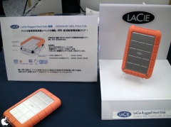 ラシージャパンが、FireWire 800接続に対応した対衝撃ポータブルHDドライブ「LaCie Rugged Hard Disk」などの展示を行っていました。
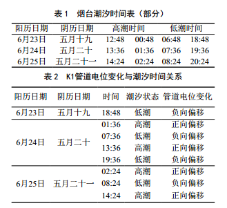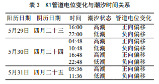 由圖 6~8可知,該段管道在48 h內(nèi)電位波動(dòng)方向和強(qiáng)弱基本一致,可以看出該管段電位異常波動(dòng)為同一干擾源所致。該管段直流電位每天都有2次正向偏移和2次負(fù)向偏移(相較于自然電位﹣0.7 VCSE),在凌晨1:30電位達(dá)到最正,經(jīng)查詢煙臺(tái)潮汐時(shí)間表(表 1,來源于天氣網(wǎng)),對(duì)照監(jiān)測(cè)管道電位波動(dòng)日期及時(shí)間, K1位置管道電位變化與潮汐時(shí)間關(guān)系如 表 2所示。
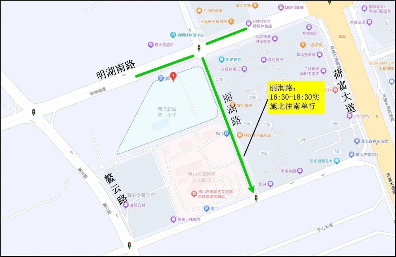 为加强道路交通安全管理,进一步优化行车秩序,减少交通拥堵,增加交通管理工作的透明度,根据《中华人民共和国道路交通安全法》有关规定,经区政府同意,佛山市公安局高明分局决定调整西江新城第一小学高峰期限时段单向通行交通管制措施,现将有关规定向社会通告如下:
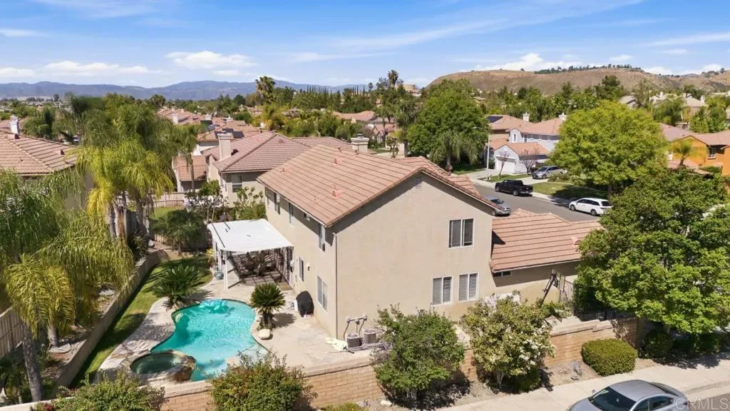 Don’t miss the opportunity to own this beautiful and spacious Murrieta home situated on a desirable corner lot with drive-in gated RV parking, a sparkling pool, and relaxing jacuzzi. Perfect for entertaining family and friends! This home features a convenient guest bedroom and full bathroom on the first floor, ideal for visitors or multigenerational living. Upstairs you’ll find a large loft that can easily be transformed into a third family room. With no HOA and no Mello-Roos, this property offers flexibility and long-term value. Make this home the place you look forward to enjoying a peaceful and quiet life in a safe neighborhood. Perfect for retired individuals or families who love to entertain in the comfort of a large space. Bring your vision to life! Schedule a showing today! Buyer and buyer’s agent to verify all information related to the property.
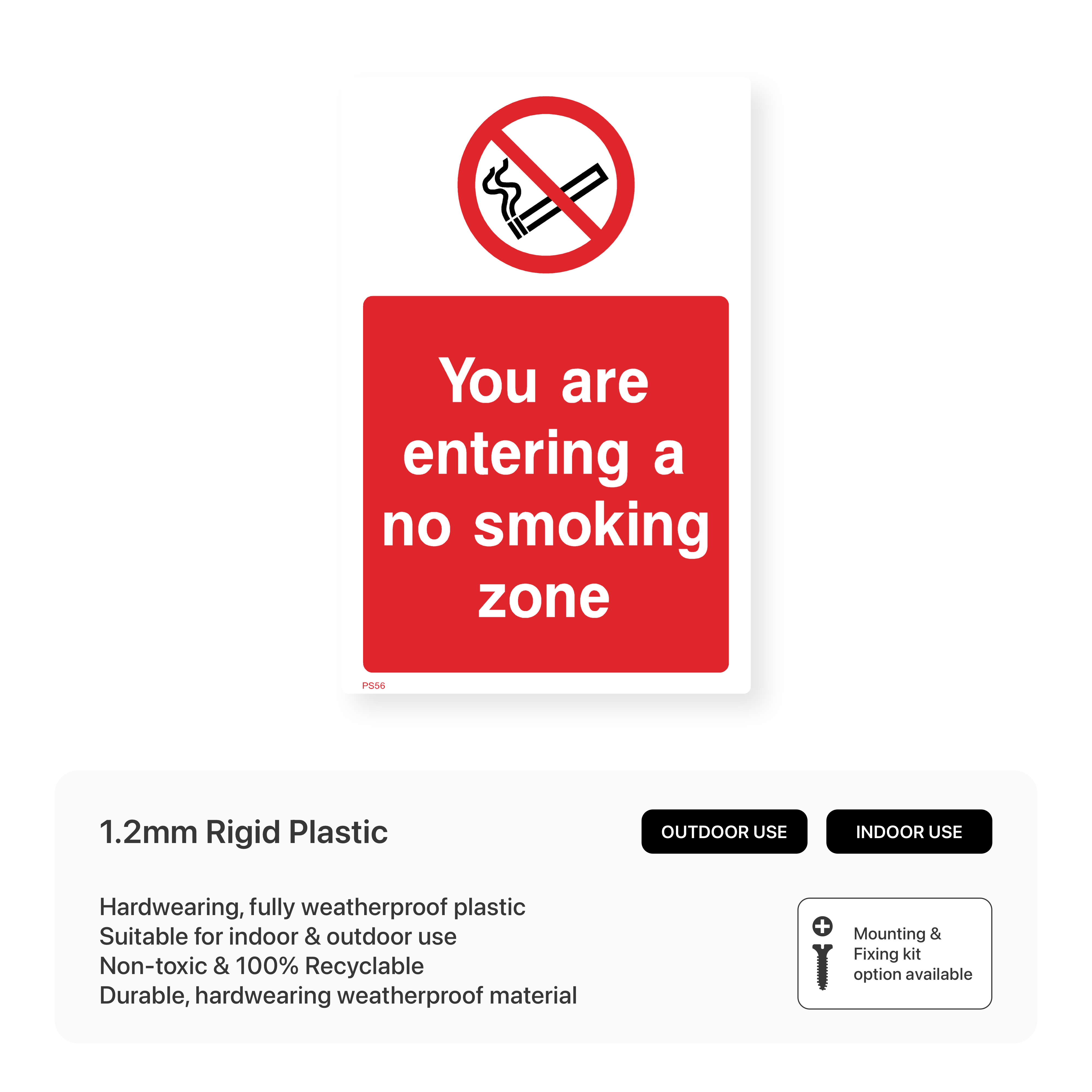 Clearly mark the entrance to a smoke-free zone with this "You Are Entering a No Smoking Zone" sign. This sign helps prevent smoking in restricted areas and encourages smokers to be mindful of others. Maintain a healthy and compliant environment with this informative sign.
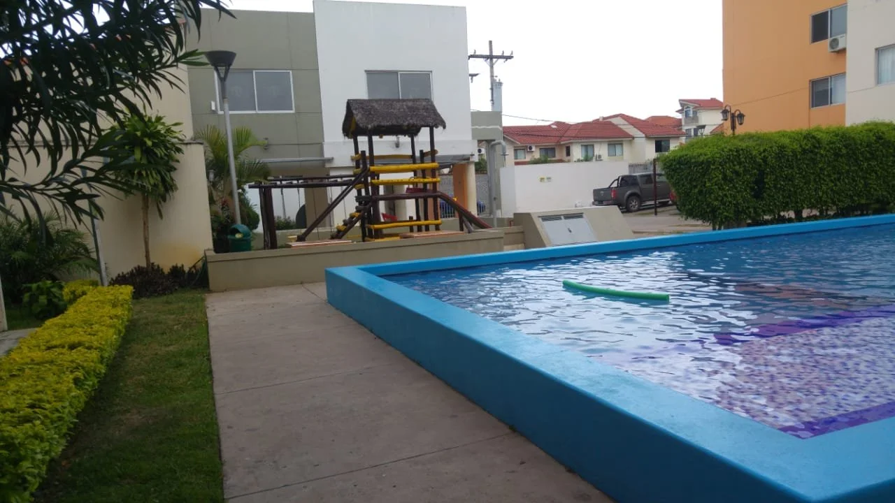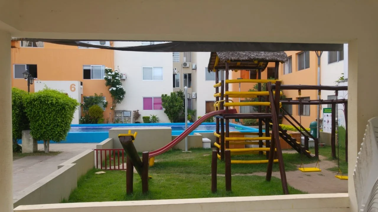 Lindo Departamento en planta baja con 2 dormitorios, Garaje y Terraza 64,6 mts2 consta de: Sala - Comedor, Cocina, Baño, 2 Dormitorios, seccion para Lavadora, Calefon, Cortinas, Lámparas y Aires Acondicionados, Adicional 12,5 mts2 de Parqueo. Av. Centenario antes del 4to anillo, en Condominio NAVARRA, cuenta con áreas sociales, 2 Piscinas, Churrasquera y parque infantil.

= = = =

◆ **Exercise directions**:
Please give again only those lines that run from the one containing "Don’t miss the" through the final line of the listing, both included, exactly as written and without pictures.

◆ **Response to the exercise**:
 Don’t miss the opportunity to own this beautiful and spacious Murrieta home situated on a desirable corner lot with drive-in gated RV parking, a sparkling pool, and relaxing jacuzzi. Perfect for entertaining family and friends! This home features a convenient guest bedroom and full bathroom on the first floor, ideal for visitors or multigenerational living. Upstairs you’ll find a large loft that can easily be transformed into a third family room. With no HOA and no Mello-Roos, this property offers flexibility and long-term value. Make this home the place you look forward to enjoying a peaceful and quiet life in a safe neighborhood. Perfect for retired individuals or families who love to entertain in the comfort of a large space. Bring your vision to life! Schedule a showing today! Buyer and buyer’s agent to verify all information related to the property.
 Clearly mark the entrance to a smoke-free zone with this "You Are Entering a No Smoking Zone" sign. This sign helps prevent smoking in restricted areas and encourages smokers to be mindful of others. Maintain a healthy and compliant environment with this informative sign.
 Lindo Departamento en planta baja con 2 dormitorios, Garaje y Terraza 64,6 mts2 consta de: Sala - Comedor, Cocina, Baño, 2 Dormitorios, seccion para Lavadora, Calefon, Cortinas, Lámparas y Aires Acondicionados, Adicional 12,5 mts2 de Parqueo. Av. Centenario antes del 4to anillo, en Condominio NAVARRA, cuenta con áreas sociales, 2 Piscinas, Churrasquera y parque infantil.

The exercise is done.